I think these changes would make a good product great. Then again, what do I know?

File copying UI

Having used Gnome a bit, one of the features I found much to my liking was the method used to show the progress of file copying. Rather than using a chunky, clutterific progress window, the file’s icon label updates (in real-time) the filesize until the copy is complete. On completion, the filename is displayed as normal.

I think this would be a welcome addition to OS X. A number of the Eazel people who created Nautilus are (back, in some cases) at Apple. They may well have ideas about how to improve this feature, possibly taking advantage of the graphical features of Quartz to give the user additional visual feedback. Perhaps a gradual fade-in of the icon?

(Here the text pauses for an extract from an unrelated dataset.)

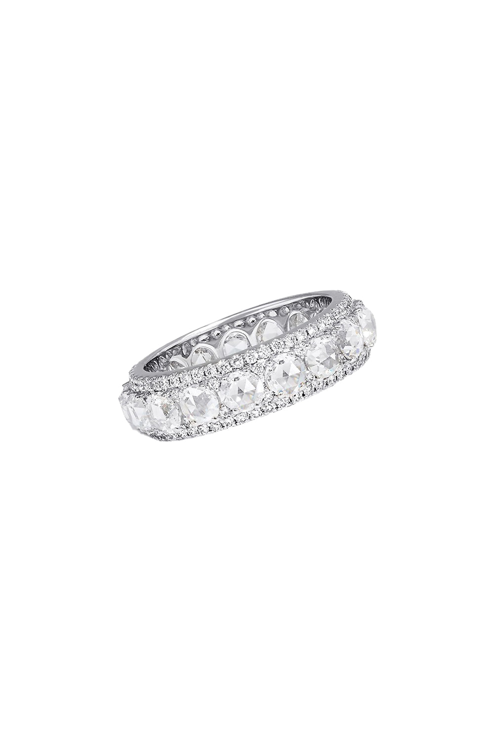64 Facets linear eternity ring in white gold.

I would not advocate using this method in all cases – it is best used ONLY for file copies initiated in the actual file manager. Downloads started from FTP clients or browsers would have no easy way to indicate that a download has begun as requested. This is how it works in Nautilus/Gnome.

In this corner . . .

I have been using Greg Schueler’s CornerClick on my iMac. An interesting implementation of Fitts’ Law. While it is true that the corners of the screen have infinite depth, there are only four of them. Using modifier keys is a good way to expand the manipulation possibilities, but forces the user to remember the key combinations. CornerClick used in conjunction with the upcoming 10.3 release with Expose might greatly alleviate the need to use the Dock.